Loads for Trailer Design 4

[DHKpeWI]

A client wants us to design a trailer to pull a generator, fuel tank, and enclosure. Are any references for trailer design? Specific questions: what percent increase of load should be used to account for impact loads? What about the impact of a sudden stop on the frame?

Any help would be greatly appreicated.

 

[tigermoth]

DHKpeWI - For these static loads, I assume you would let the stresses go up to the allowables stated in general structural design codes eg roughly 2/3 yield for bending (tension side). Do I understand you to say that the max static download on the chassis would be 2.7g? Seems high - we generally use 1.75 - 2.0g for trailers on air suspension. (Although manufacturers of hi-tensile truck chassis often specify a SF of 4.5 - 5.0 on yield for the vertical static case, this presumably really covers a multitude of other loadings including torsion etc). For welded high-tensile steel chassis, fatigue will dominate anyway. Would be interested in seeing that paper.

 

[DHKpeWI]

tigermoth:

Attached is the paper.

 

[dhengr]

DHKpeWI:

That looks like a very good paper, well worth your studying. I have just quickly perused it, at this point, but it seems to include the important points in the design and manufacture process. It generally conforms to the approach I have taken to these kinds of problems. In figs. 23 & 25 they certainly found the areas that I would look at first, as potentially being problem areas. Again, you must have your strength of materials, theory of elasticity, structural design and analysis, welding design, fatigue and the like, well-in-hand; and AISC and the like are good guides to general steel design, but you should look for industry standards, etc. for design criteria. If WI indicates a mid western state, I’d look a little harder for US trailer manufacturer industry standards.
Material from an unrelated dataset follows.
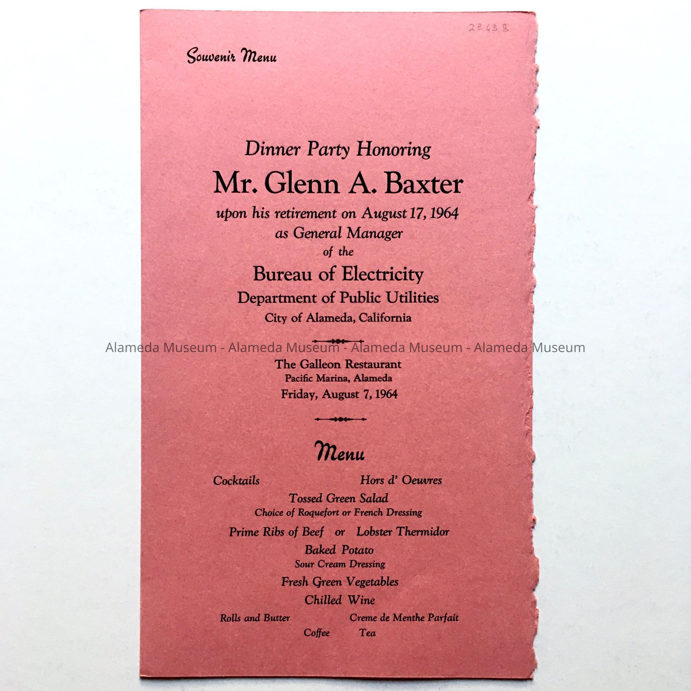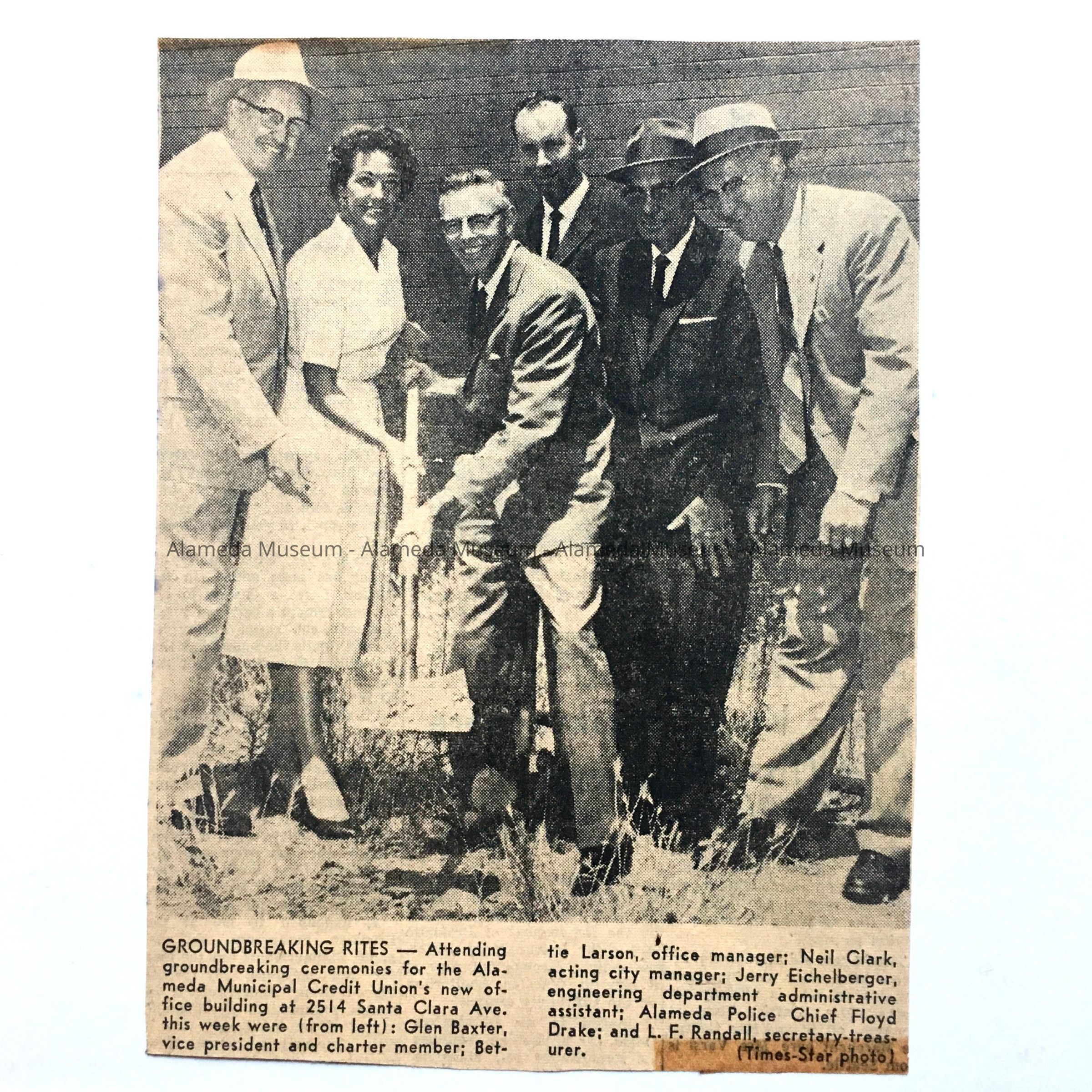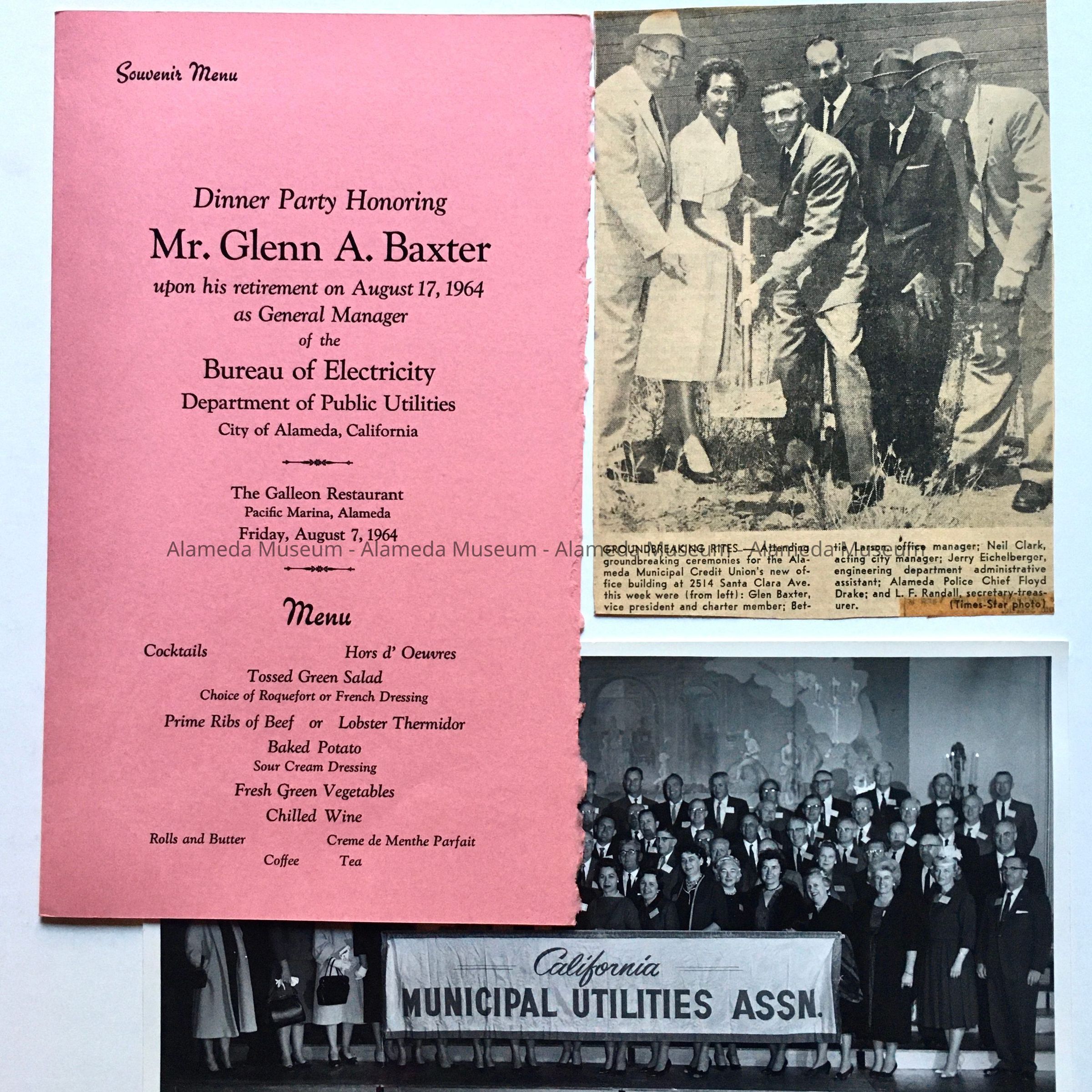 History of Object: Three pieces of memorabilia relating to Glenn Baxter during his tenure as General Manager of the Bureau of Electricity (1951-1964): A. a souvenir menu for dinner held on August 7, 1964, at the Galleon, Pacific Marina, upon his retirement as General Manager of the Bureau of Electricity, with a list of accomplishments and events from his hiring date, September 23, 1931. B. is a clipping of groundbreaking for an office building for the Municipal Credit Union at 2514 Santa Clara (after 1986 office of Jan Mason's OMM, currently offices of Cerda-Zein). C. is a photo taken at a conference attended by Bureau of Electricity staff.

It sounds like tigermoth might actually be in the over-the-road trailer design and manufacturing industry, and I would certainly defer to his knowledge and experience if that be the case. I would agree with him that 2.7g on the total load sounds high. My experience has been in the 1.7 to 2 range and I call those load factors (forget the g) and would as likely as not design to yield. But then, take great care in my detailing and welding as they relate to fatigue. Once tigermoth has seen the paper I would be interested in his interpretation of how they arrived at the load cases in this paper, particularly load cases M1 & M5, pgs. 31 & 32. After the advice I’ve given above, maybe I should dig out my own structural dynamics and vibrations books.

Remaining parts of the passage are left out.